4. Results and Discussions
4.1 Classification result of fused data set
The classification result of fused data (15 meters spatial resolution) is shown in Figure 4. The accuracy assessment result is shown in Figure 5.

Figure 4. The classification result of fused data set

Figure 5. Accuracy assessment result of fused data set
Because the final classification result was derived from its sub level i.e. level 1, the accuracy assessment of level 1 is also important. In fact this assessment was done before its up level’s classification was carried out. Figure 6 shows the accuracy assessment result of level 1.

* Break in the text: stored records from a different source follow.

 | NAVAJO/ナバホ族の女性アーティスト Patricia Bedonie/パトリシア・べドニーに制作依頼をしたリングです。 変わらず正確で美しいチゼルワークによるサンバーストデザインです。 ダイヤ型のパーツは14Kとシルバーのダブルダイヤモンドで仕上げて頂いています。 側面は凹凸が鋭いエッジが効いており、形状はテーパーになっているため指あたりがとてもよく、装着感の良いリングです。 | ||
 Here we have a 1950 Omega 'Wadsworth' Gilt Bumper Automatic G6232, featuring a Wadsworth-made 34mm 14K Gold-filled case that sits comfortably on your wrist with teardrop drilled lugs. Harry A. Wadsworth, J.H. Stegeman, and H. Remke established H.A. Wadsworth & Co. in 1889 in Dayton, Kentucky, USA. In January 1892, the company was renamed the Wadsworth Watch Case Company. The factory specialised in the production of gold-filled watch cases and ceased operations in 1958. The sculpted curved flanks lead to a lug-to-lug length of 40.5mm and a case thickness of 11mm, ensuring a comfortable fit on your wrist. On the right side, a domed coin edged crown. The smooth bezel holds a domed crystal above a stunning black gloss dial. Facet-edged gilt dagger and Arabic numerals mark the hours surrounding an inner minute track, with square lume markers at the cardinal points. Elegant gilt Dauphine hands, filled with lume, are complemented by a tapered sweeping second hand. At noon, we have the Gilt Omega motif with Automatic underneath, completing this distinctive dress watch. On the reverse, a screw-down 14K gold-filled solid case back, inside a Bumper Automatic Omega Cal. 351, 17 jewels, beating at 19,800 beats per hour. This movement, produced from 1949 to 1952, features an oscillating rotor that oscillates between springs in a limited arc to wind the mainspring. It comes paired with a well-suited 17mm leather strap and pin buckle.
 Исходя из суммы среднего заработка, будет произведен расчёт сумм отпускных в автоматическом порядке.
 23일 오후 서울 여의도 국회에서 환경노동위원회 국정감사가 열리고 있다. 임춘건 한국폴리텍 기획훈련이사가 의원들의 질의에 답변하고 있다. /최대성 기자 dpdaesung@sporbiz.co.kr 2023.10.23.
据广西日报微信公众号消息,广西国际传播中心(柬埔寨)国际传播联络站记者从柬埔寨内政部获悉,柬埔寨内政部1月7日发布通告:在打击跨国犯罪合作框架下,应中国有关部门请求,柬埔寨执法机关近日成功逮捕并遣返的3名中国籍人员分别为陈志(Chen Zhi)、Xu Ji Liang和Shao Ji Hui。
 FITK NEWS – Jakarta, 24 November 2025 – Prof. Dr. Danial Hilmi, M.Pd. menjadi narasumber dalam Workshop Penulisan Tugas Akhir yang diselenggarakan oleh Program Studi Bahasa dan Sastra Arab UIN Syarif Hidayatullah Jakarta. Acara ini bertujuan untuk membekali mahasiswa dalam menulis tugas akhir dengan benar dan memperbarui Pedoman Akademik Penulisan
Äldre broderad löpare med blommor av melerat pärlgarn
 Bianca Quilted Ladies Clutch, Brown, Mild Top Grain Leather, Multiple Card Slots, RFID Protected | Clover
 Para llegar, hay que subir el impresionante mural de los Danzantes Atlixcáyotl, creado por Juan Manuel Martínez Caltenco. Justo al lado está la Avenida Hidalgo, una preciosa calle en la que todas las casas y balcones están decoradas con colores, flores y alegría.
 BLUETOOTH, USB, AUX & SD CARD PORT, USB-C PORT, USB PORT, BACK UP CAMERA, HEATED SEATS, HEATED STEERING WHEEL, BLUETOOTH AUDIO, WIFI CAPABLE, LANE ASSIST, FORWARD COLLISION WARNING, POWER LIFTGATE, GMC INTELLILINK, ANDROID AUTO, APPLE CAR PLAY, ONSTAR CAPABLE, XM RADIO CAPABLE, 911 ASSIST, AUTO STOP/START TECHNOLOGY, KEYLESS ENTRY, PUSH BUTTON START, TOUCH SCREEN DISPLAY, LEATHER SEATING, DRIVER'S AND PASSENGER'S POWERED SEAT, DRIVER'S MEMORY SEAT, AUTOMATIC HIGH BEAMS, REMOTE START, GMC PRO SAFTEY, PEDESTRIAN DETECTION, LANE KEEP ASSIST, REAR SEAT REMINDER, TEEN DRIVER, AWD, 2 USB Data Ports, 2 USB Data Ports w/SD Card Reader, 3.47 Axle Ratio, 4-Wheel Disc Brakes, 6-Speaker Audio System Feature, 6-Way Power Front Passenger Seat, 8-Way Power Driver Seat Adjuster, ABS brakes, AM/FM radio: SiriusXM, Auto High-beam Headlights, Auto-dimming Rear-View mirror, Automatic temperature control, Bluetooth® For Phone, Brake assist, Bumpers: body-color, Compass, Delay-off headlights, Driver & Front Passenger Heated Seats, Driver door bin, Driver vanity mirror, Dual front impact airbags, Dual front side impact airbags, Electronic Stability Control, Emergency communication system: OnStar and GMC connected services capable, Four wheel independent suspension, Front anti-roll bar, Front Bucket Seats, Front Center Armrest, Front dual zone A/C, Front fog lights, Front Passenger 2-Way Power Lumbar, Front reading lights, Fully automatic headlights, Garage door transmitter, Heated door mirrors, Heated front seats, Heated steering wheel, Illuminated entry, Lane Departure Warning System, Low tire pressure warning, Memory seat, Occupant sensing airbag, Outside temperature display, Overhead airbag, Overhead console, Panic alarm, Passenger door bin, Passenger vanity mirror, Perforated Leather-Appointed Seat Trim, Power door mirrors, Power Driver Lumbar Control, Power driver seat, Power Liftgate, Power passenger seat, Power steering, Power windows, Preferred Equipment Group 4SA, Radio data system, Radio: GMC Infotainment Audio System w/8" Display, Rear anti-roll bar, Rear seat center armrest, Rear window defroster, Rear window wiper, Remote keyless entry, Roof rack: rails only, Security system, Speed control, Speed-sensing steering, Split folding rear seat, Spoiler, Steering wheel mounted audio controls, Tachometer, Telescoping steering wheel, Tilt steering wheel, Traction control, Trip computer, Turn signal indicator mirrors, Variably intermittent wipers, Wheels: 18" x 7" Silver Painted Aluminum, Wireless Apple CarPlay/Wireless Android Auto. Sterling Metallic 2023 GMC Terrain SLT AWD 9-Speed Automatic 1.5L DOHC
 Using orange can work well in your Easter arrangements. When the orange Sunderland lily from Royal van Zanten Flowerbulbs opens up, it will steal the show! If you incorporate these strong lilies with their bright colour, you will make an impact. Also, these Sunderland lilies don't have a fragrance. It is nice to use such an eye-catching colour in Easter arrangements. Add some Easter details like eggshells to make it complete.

Figure 6. Accuracy assessment result for level 1
It is clear that the accuracy of level 1 is lower than the final result. This is reasonable, because the segmentation scale parameter for level 1 is very small (3). This resulted in a large amount of small homogenous objects, and they server as primitive information carriers. In fact, among these classes in level 1, only some classes have contribution to the final classification result. So the overall accuracy is not as important as that of some specific classes. In this case the most important class is ‘logging spot’, and followed by ‘tree’, ‘bush’, ‘grass’ ‘water’ and ‘other’. The accuracy assessment of ‘water’ was included in the class of ‘other’, so the ‘water’ was not in error matrix.
From Figure 5, it can be noted that the final classification result has an overall accuracy 81.3% and a KIA (Kappa index of agreement or kappa coefficient) 78.1%. Congalton (1996) stated, “Kappa values are also characterized into 3 groupings: a value greater than 0.80 (80%) represents strong agreement, a value between 0.40 and 0.80 (40 to 80%) represents moderate agreement, and a value below 0.40 (40%) represents poor agreement (Brandon & Bottomley, 1998). According to this standard, the accuracy achieved in this classification project represents moderate agreement.
By crossing the map of classification result with slope map and followed by producing attribute map. The logged area_ slope map was produced From this map it can be found that there were very few logged areas, including heavy and slightly logged, on the steep areas. It means that the regulation of “selective logging excludes slope greater than 40% area” was observed very well.
The classification result was also crossed with the elevation map that shows the areas with an elevation higher than 400 meters above see level. It was found that only 0.09% of logged areas was located in high elevation areas. So it can be concluded that the regulation of “selective logging excludes the area with an elevation higher than 400 m” was observed very well also. The reason for this finding is similar as that of steep slope areas.
From the classification map we can see the class ‘old conversion area’ which means the forest area was converted to other land cover before the 2000 image was acquired. The class of ‘new conversion area’ means the area that was forest in 2000 image, but was not forest area in 2002 image. The area of each class can be easily obtained from the map’s statistics table, and can be seen in a very clear way.